Would you reproduce, word for word, only the lines running from the top of the data through the line containing "贴心服务可做复习规划,一对一心里疏导保障备考!", and none of the pictures?

-=-=-=-=-

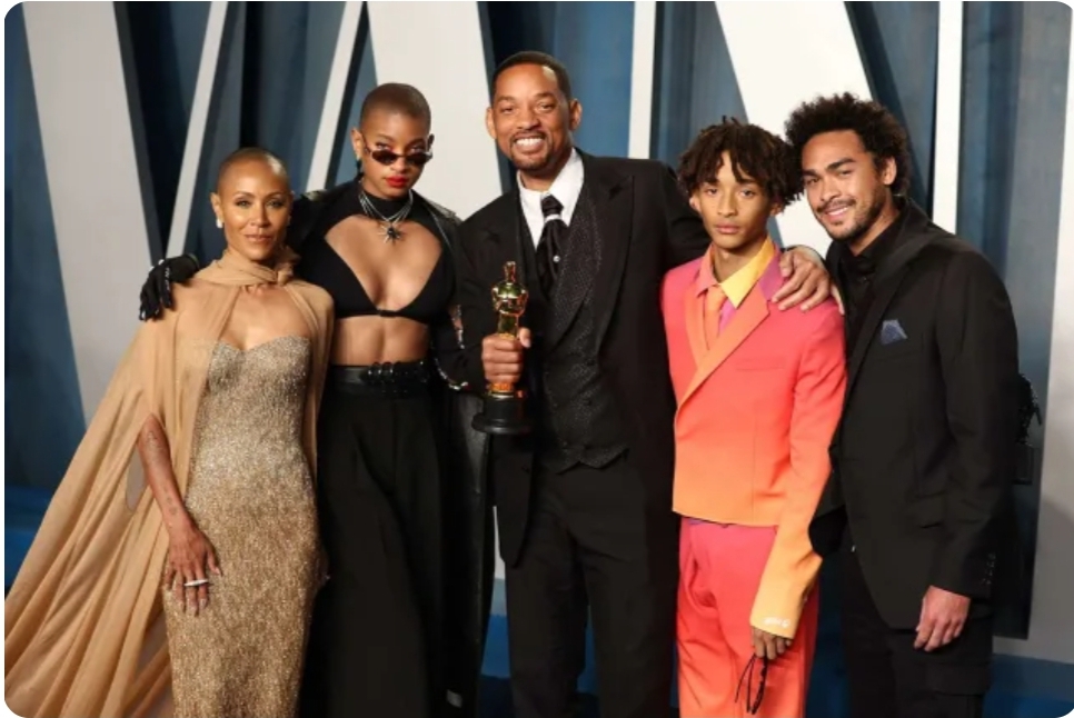Trey, Jaden en Willow, en nog andere families. Jada en Will, glimlachten terwijl ze opstonden en elkaar omhelsden. Smith werd gezien terwijl hij Pinkett Smith op haar voorhoofd kuste, waarbij ze glimlachte en haar ogen sloot, en de twee hun armen om elkaars middel sloegen.
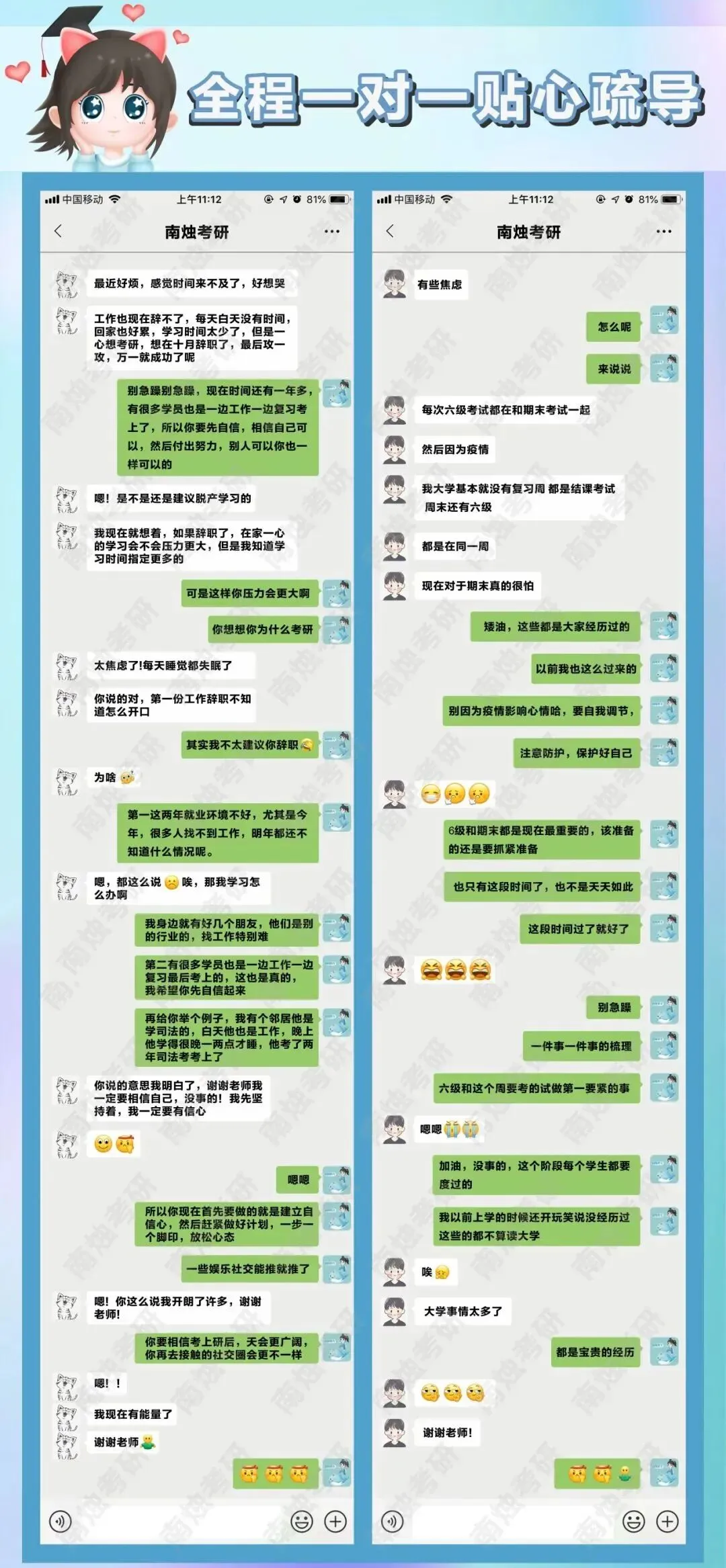 贴心服务可做复习规划,一对一心里疏导保障备考!
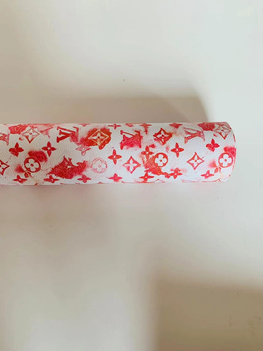 Classic Watercolour LV Leather Case Fabric, Handmade Bag Fabric, Hand-made Shoes Fabric By Yard (Red)
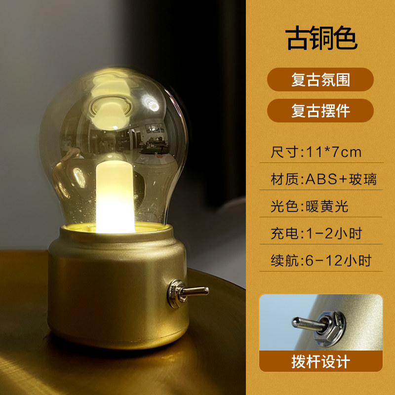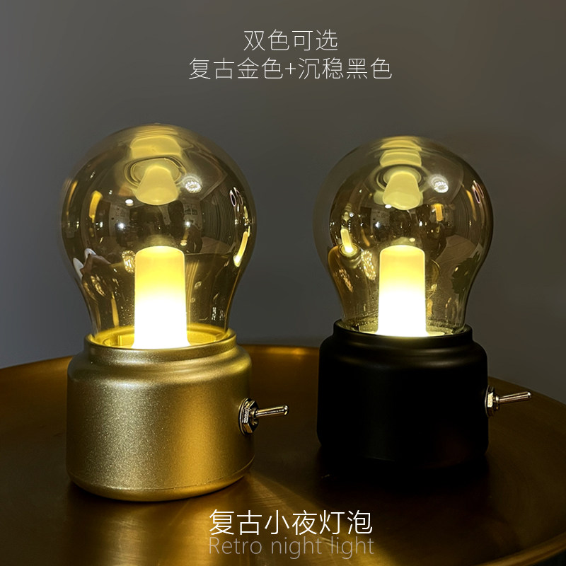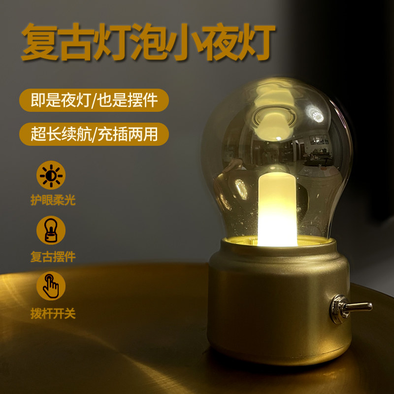 极速复古灯泡创意摆件小夜灯ins风卧室床头台P灯充电式酒吧桌面氛
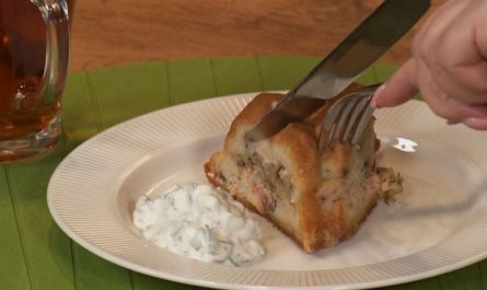 5. Накройте пирог крышкой. Готовьте его на небольшом нагреве до тех пор, пока дно теста не схватится и не получит золотистый цвет.
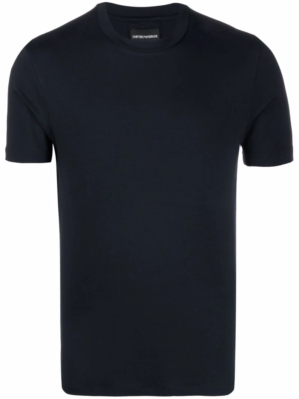 round neck short-sleeved T-shirt navy-blue round neck short sleeves straight hem Imported Composition Viscose 97%, Elastane 3% SIZE & FIT Model measurements Height 6 ft 1 in(1.85 m) Bust/Chest 38.58 in(98 cm) Hips 37 in(94 cm) Waist 30.31 in(77 cm) FittingInformation This piece fits true to size. We recommend you get your regular size Cut for a slim fit Made with a mid-weight stretch fabric Washing instructions Machine Wash
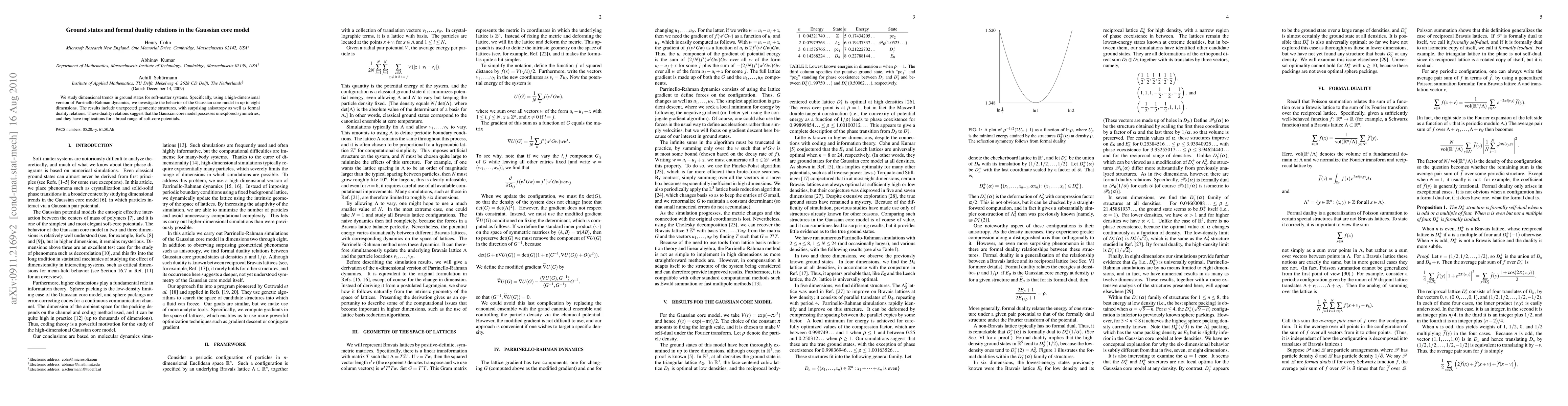 This paper investigates the ground states of the Gaussian core model in up to eight dimensions using high-dimensional Parrinello-Rahman dynamics, revealing unexpected geometric structures and surprising anisotropy. It uncovers formal duality relations suggesting unexplored symmetries in the model with implications for various soft-core potentials.
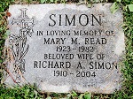 SIMON, Richard Arthur (Dick) - (Retired after 45 years from the Toronto Star as an Editorial Artist) On October 5, 2004 at Scarborough General Hospital in his 95th year. Dick Simon, dearly beloved husband of the late Mary Read. Loved father of Rick Simon and Lynne Simon. Cherished grandfather of Darren. Friends may ball at the Trull "North Toronto" Funeral Home & Cremation Centre, 2704 Yonge Street on Thursday from 2-4 p.m. and 7-9 p.m.. A Funeral Service will be held in the chapel on Friday at 1 p.m. Interment Beechwood Cemetery. If desired, memorial donations may be made to the Princess Margaret Hospital Foundation or to the Heart & Stroke Foundation.
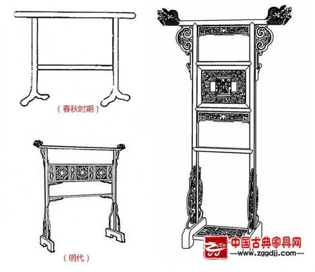 明代:明代衣架整体造型仍保持着传统模式,但用材、制作、装饰尤精。衣架下端以两块墩子木作足,里外两面浮雕回纹,炖上直立柱,前后两个镂雕卷草花站牙抵夹。站牙上部和下部分用楔与立柱和座墩连接,两墩安装用小块木料攒接的柃格,由于柃格具有一定的宽度,故可以摆放鞋履等物。各个横财与立柱结合部的下侧,都有透雕拐子回纹花牙承托。衣架从选材、设计、雕刻制作,在明代都达到了很高的艺术水平。
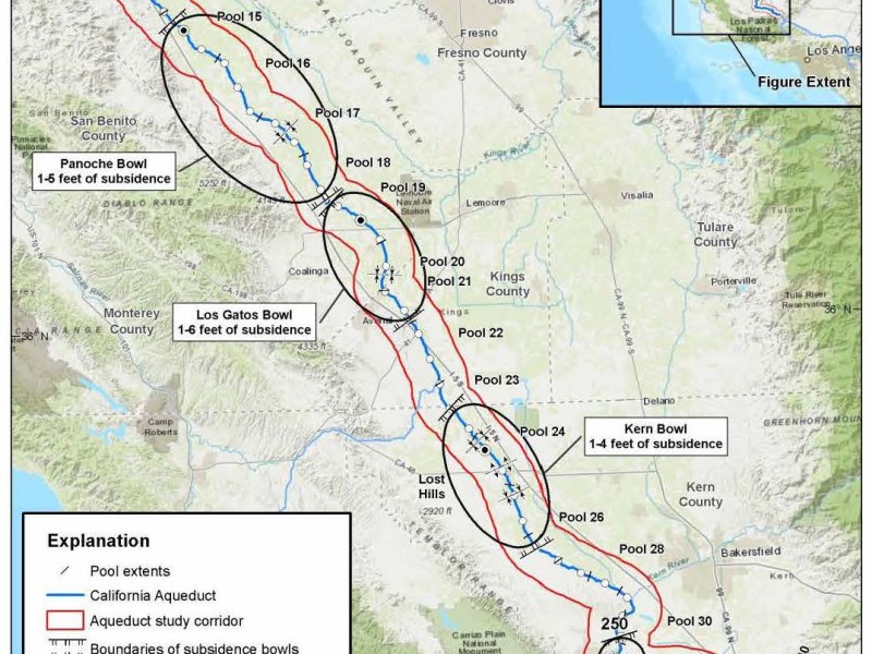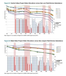 “Over the past several decades there has been a 10-fold increase in land planted in orchards and vineyards within the section of the Aqueduct study corridor that passes through western Fresno County, an area of well-documented historic land subsidence,” the report states. “Land planted in orchards and vineyards also has increased by a factor of four in western Kings and Kern counties, including parts of known subsidence bowls traversed by the Aqueduct.”
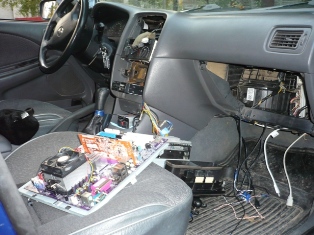 Первый вариант был собран на скорую руку ну потому что уж очень хотелось... Еще тогда родилась мысль разместить все это дело в салоне. Не хватало только сформировавшейся идеи и решимости. И вот, отработав 2 с лишним месяца у моего карпутера накрылась ОС. Так, как для восстановления пришлось снимать и нести домой системник, я наконецто решился все переделать. сразу скажу все что получилось меня до конца не устраивает и постепенно будет совершенствоваться.(о чем буду отчитываться по мере завершения.) пока же выкладываю то что уже сделано. 1.Место установки системной платы было выбрано в бардачке. Точнее вместо бардачка. он уже давно стал оправдывать свое название, ибо складывалось там все что сразу недосуг было выбросить или уложить куда нибудь еще. а так нет места - нет проблемы. 2. Жестяк расположился над центральной трубкой вентиляции салона. зимой я ею практически не пользусь ( нет необходимости. и так жарко). А диск там помещается так что с места ему уже не сдвинуться. 3. Блок питания (обычный. временно используется схема с инвертором) удалось запихнуть только под переднее пассажирское сидение. Ближе к мамке места не нашлось, так что пришлось удлинять провода ( толстая черная "сопля" на след. фото). Нудная хочу вам сказать работа. 4. Все, что есть, пока расставлено по своим местам ( над СП нашлось немного места для GPRS-модема). еще раз все проверяю - работает! Остается только собрать провода и поставить элемены декора на место. И промежуточный результат моего труда. "Художественный" беспорядок в салоне со временем начал порядком раздражать. Наконец организм перестал выдерживать этот хаос и я занялся наведением порядка. (как и обещал). Для начала, раз уж все равно пришлось все разбирать, переместил хард с трубы отопления в нишу справа от бардачка. Сколько тут все таки интересных и сободных мест, если поискать. Его же (харда) место занял GPRS-модем. БП был сдвинут в правую половину пассажирского кресла, что позволило пустить провода под ковриком и накладками порога. ( как сразу не догадался? ) Провода же от монитора спрятал за ним самим, пожертвовав целостностью системы вентиляции салона. И вот результат. По-моему стало чище![]() Ну и пара новых приобретений: Карт-ридер встал вместо пепельницы. Осталось только накладку какую нибудь декоративную для него сврганить. Взял внутренний, так, как на "мамке" остался незадействованым один разъем для усби. ну не пропадать же ему всамом деле. До кучи был приобретен трекбол. Общаться с его помощью с карпутером стало намного удобнее чем с джойстиком на клавиатуре. Взял проводной потому, что приемник от беспроводного куда лепить я уже и не знаю. А так он намертво удобно встал под рукой а ужпроводок от него я куда нибудь спрячу. Кстати последние фото загружал находясь в движении с его помощью. Весьма... ![]() Последний раз редактировалось нордман; 13.11.2008 в 17:12. |
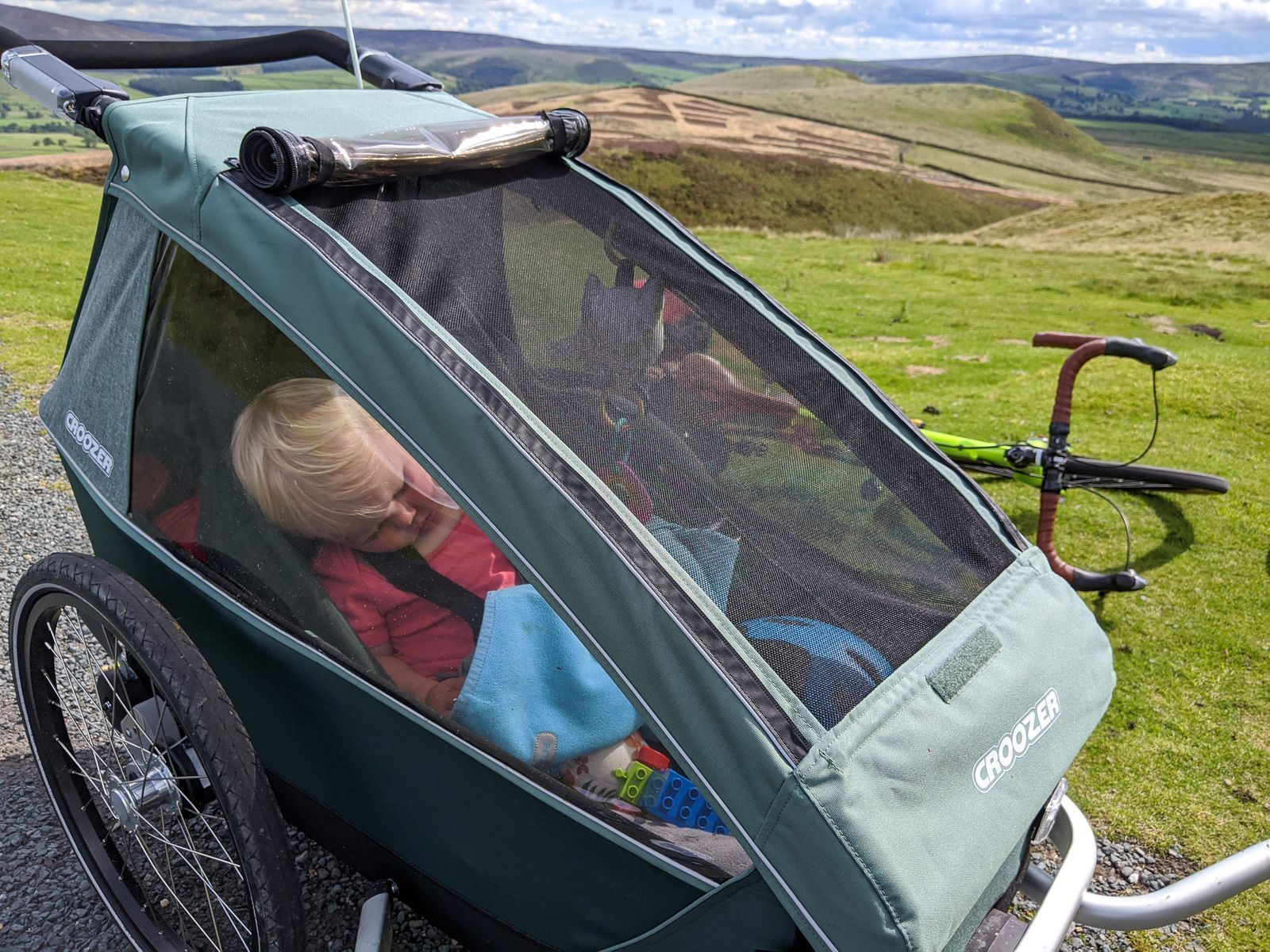 In use, the Croozer Vaaya is as nice as any trailer I’ve towed. The low centre of gravity keeps things super stable and the suspension seems to take the sting out of the trail. Our daughter has spent multiple consecutive days in it, and only started to grumble on the third day, after it was used as part of an enforced separation process with some particularly interesting ducks. I did worry that the padding was a bit thin, but it passed the “Will she fall asleep in the trailer?” test with flying colours.

-=-=-=-=-

§ **WRITTEN SOLUTION**:
Trey, Jaden en Willow, en nog andere families. Jada en Will, glimlachten terwijl ze opstonden en elkaar omhelsden. Smith werd gezien terwijl hij Pinkett Smith op haar voorhoofd kuste, waarbij ze glimlachte en haar ogen sloot, en de twee hun armen om elkaars middel sloegen.
 贴心服务可做复习规划,一对一心里疏导保障备考!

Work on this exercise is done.